RJ supplementation significantly decreased the mean body weight in diabetic females [15] and improved lipoprotein metabolism in humans [4]. Tsuchida et al. reported that Pparα activation partially prevented adipocyte hypertrophy in KK-Ay mice [25]. Pparα expression protects mice against high fat-induced nonalcoholic fatty liver [1]. As shown in Fig. 6A, Pparα mRNA expression in the liver was significantly higher in the RJ supplementation group than in the vehicle-treated group among KK-Ay mice, suggesting that the enhanced Pparα expression may have contributed to the weight reduction observed in the RJ supplementation group. Because the absence of HSL prevented obesity and adipogenesis in obese mice [18], and inhibition of HSL improved lipid profiles and plasma glucose levels in mice with streptozotocin-induced diabetes [3], reduced HSL levels in muscle (Fig. 3F) may have contributed to decreased serum NEFA content and body weight in the RJ supplementation group.

Because Pparα protects against obesity-induced hepatic inflammation [22], the higher Pparα mRNA expression in the RJ supplementation group may have partially contributed to reduced Tnf-α mRNA expression (Fig. 6B).

Recent studies revealed that RJ supplementation improves homeostatic model assessment-β-cell function levels in patients with diabetes [19] and ameliorates insulin resistance in fructose-drinking rats [31]; however, our result identified no difference in plasma insulin levels or improvement in insulin resistance according to ITTs in RJ-treated mice. Expression levels of molecules involved in the insulin signal cascade, such as phosphorylated Akt, forkhead box O1, glycogen synthase and glycogen synthase kinase 3β, did not significantly differ between the RJ-treated and vehicle-treated mice (Suppl. Fig. 1). This suggests that RJ supplementation did not affect insulin resistance or insulin cascade activation in KK-Ay mice. Ameliorated hyperglycemia on RJ supplementation may depend on suppressed gluconeogenesis, but not on improved insulin action in KK-Ay mice. It is yet unclear why RJ does not improve insulin action in KK-Ay mice, although the finding may be because of species or strain differences.

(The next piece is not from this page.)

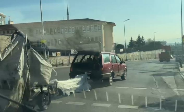 Pendik Dolayoba Mahallesinde yolda ilerlediği sırada motosikleti arıza yapan kağıt toplayıcısı yolda kaldı. Motosikleti arıza yapan kişinin yardımına koşanların bulduğu çare ise görenleri şaşırttı. Motosiklet ile bir otomobil naylon ile birbirlerine bağlandı. Otomobil sürücüsü, arkadan naylon ile bağladığı motosikleti yolda çekerek ilerletti. Bir kişi de otomobilin kapısı açık bagajında oturarak yolculuk etti.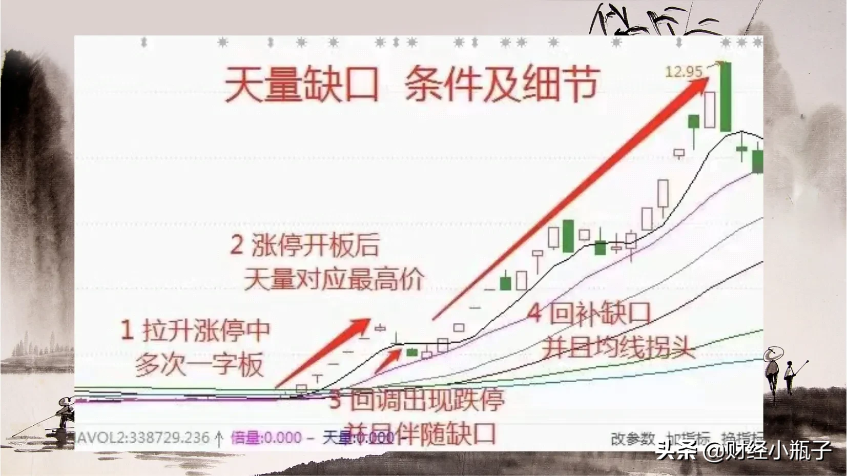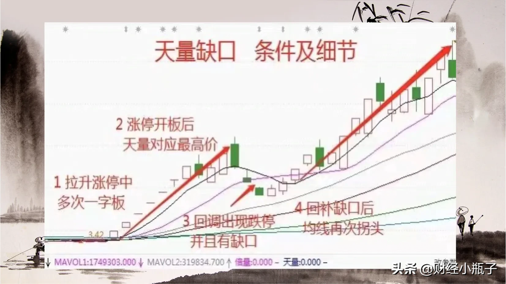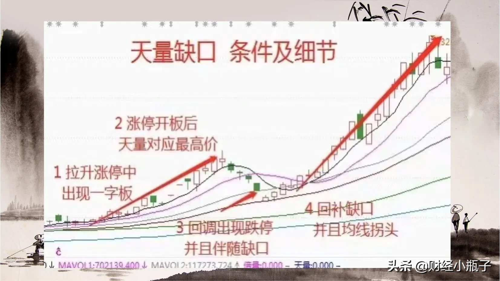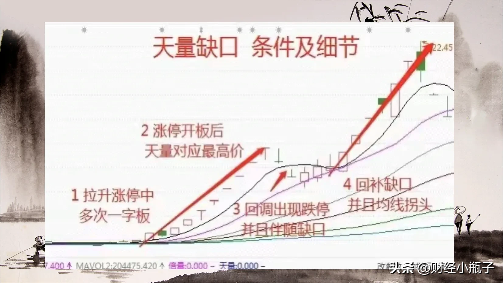 天量缺口形态就是出现的连续的一字板拉升,在股价上涨行情中,没有机会介入,当买到之后呢就被深套。但是在一字板之后,如果出现天量缺口,这个时候我们要重视起来,一旦缺口回补就是时机。一旦进场就要耐心持有,无论外界市场情绪如何都不要受影响,只需等待主力后市的强势拉升。

Pgc-1α suppresses ROS production and protects neural cells against oxidative stress-induced death caused by the induction of several key ROS-detoxifying enzymes [8, 21]. We revealed that Pgc-1α mRNA expression was higher in the RJ supplementation group (Fig. 6C), whereas ROS production was lower in this group than in the vehicle-treated group (Fig. 7). These results suggest that RJ administration improves oxidative stress by enhancing Pgc-1α mRNA expression, thereby reducing ROS production. Recent studies illustrated that ROS production in response to physiological stimuli promotes insulin sensitivity and attenuates insulin resistance [10, 23]. However, decreased ROS production by RJ administration did not appear to affect insulin sensitivity and resistance in KK-Ay mice.

In conclusion, our study found that RJ administration improves hyperglycemia and partially reduces body weight in obese/diabetic KK-Ay mice. We proposed the mechanism by which RJ administration activates AdipoQ and AdioR1 expression, after which AMPK is activated, resulting in suppressed G6Pase expression as a final gatekeeper of glucose production in the liver. Furthermore, enhanced AdipoR1 expression on RJ administration promotes Ppara and Pgc1a expression, which improved lipid utilization, resulting in reduced body weight in KK-Ay mice (Suppl. Fig. 2).